The Rincon Police officer who accompanied the CNT agents on the "knock and talk" overheard the name of another Rincon officer, according to Corbitt. Two officers resigned from the Rincon Police Department last Tuesday.
"At that point is where our chief should have taken action to review the officers," Corbitt said. "It had nothing to do with the criminal investigation."
But Bohannon, briefed on the matter by his detectives and Sgt. Philip Scholl, said drugs coming from another country would make it a federal case.
"I said, ‘I don’t want to compromise a criminal investigation,’" Bohannon said.
He also cited the 1996 U.S. Supreme Court Garrity v. New Jersey case, in which an officer’s testimony in an internal affairs investigation could not be used against him in a criminal investigation.
Though one of his officers initially had asked if the department should conduct an internal affairs probe, "all three people agreed at the time, ‘let’s do the criminal investigation first,’" Bohannon said.
Corbitt said he asked Bohannon
five days after the first call from CNT what he was doing about the matter that potentially involved Rincon officers.
"I asked, ‘What are you doing?’ and he acted like I wanted to be apprised of a criminal investigation," Corbitt said. "We have an officer that’s been implicated, and that’s when I placed him on administrative leave. He never conducted an investigation. There was nothing done right, talking to our city attorney and our officers, so I had to step in. It’s not that I wanted to."
Bohannon said conducting an internal affairs review in the middle of a criminal probe could jeopardize the criminal investigation.
"It’s a criminal investigation. So why are we doing an internal affairs investigation in the middle of it?" he said. "Why would you jeopardize a criminal investigation? It sounds like a recipe to booby trap a case. I don’t think it’s anyone intention to do that, but that’s just me thinking like a cop."
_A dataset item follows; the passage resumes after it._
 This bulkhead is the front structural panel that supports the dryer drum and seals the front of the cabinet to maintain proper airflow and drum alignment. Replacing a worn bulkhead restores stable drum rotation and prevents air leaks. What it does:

In his statement last week outlining why Bohannon was fired, Corbitt cited Bohannon’s temperament, "which included excessive anger and demeaning language when dealing with his staff." But Bohannon said he only exchanged heated words on one occasion, and that came with a city councilman who later sent an e-mail to Bohannon apologizing for his actions.
"That’s a false statement," Bohannon said of the city manager’s assertion on his behavior. "People who know me know this is not true. This is nothing more than a dig on me. They realized they jumped the gun on internal investigation, and it possibly ruined a criminal investigation across several jurisdictions."
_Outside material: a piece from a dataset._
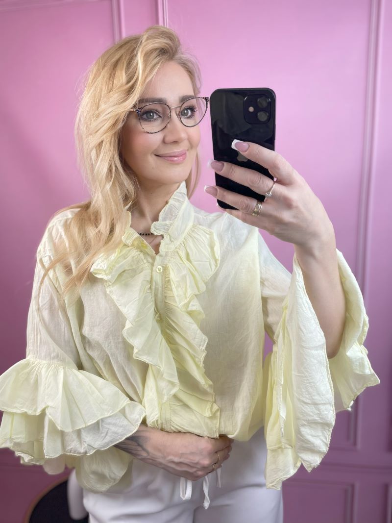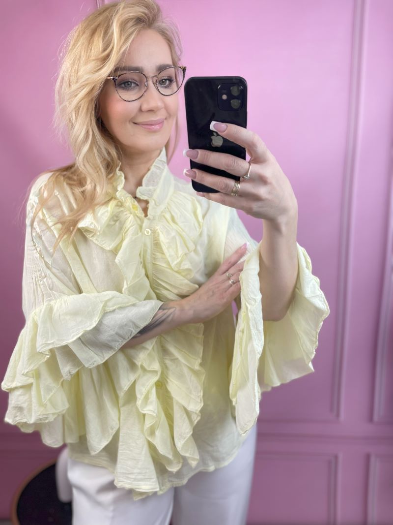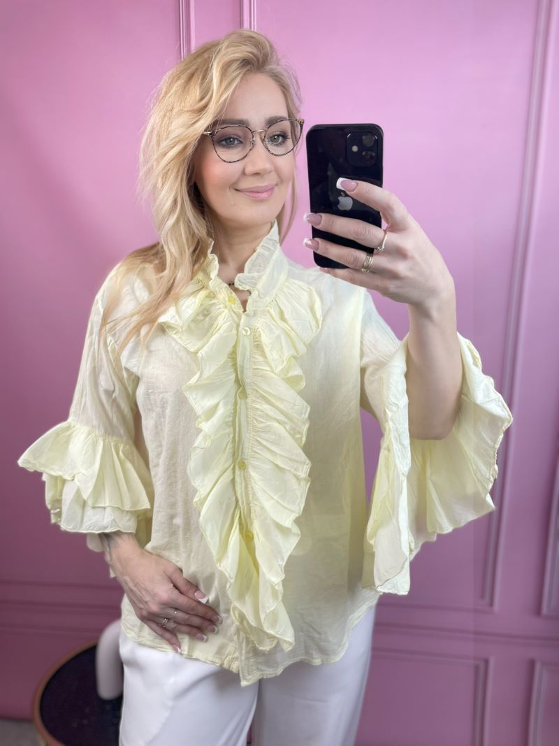 Koszula Bawełniana z Żabotem – Pastelowy Żółty

The former chief also said he never received anything in writing and was never issued a counseling statement on his behavior.
Bohannon also took exception at the citing of the number of officers who have left the department in his three years as chief. According to Corbitt, 24 officers consisting of 17 positions have left the department in the last three years.
But Bohannon called that charge baseless as well. One officer, he said, left in order to join her family business, making more than $100,000 a year. Another officer left to take a lucrative yet dangerous position as a police consultant in Afghanistan.
In 14 exit interviews or letters of resignation provided to the Herald, two left for personal reasons, four were either fired by then city manager Mike Phillips or resigned in lieu of termination and six others resigned for personal reasons, ranging from other opportunities in law enforcement to joining the family business. One officer resigned because of problems with another officer, who also since has resigned.
Bohannon, hired in February 2009, said the department was about to lose its probation department and it was about to be taken off the Georgia Crime Information Center.
"When I got there, that police department was in shambles," he said. "The pay was some of the lowest around. The state of Georgia was about to shut down their probation department.
"This was a department that was about to close its doors."
Bohannon said the main reason officers leave is for pay and benefits, and he said having take-home cars is a huge benefit, especially with officers called to respond to a homicide scene in Rincon.
He also said the department works well with other agencies, especially with the Effingham County Sheriff’s Office. Bohannon worked with the ECSO for 12 years before entering private business and then becoming Rincon’s chief of police.
"We have worked excellently with the ECSO. One thing I have brought is we work great with other agencies," he said.
Corbitt said the city’s priority is to replace the three officers it is short before trying to fill the chief’s position. Sgt. Scholl is supervising the department in the interim.